I'm currently weighing up my options with Coffee Suppliers.

Can anyone recommend a good supplier with good back-up support?

Going back I used to hear about companies that would train your staff, provide some signage and pos material and even provide crockery and takeaway cups all for free provided you bought coffee from them.

Do these sort of offers still exist?

I'm not looking for a load of freebies but a few sweeteners would be nice ... and above all their coffee must be good!

Any suggestions?


----------



## Glenn (Jun 14, 2008)

Hi Bobbert and welcome to Coffee Forums UK

Plenty of offers around still for a full service package.

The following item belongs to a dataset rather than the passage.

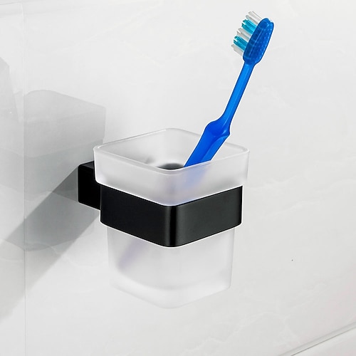accessorio da bagno multifunzione 1pc include portasciugamani/porta accappatoio/portasciugamani/portaspazzolino/portasapone e mensola da bagno in acciaio inox a parete nero opaco

Where about are you based? Availability of fresh coffee is key so no use suggesting a supplier at the wrong end of the country to you.


----------



## RobinCaféMajada (Jun 6, 2013)

Hello,

our company distributing 100% Arabica coffee of brand Café Majada exclusively and only from El Salvador is coming to UK and searching for national distributor. Could please advise me on companies distributing coffee or related products to contact?

Thank you very much,

Robin


----------



## espressotechno (Apr 11, 2011)

No such thing as "free" !

You should concentrate on the quality of the beans & the efficiency of the after-sales support ie machine repairs & servicing.

A good coffee supplier should provide barista training & coffee system fine-tuning foc.

Try sourcing local roasters to start, then widen out until you find the best one for your business.


----------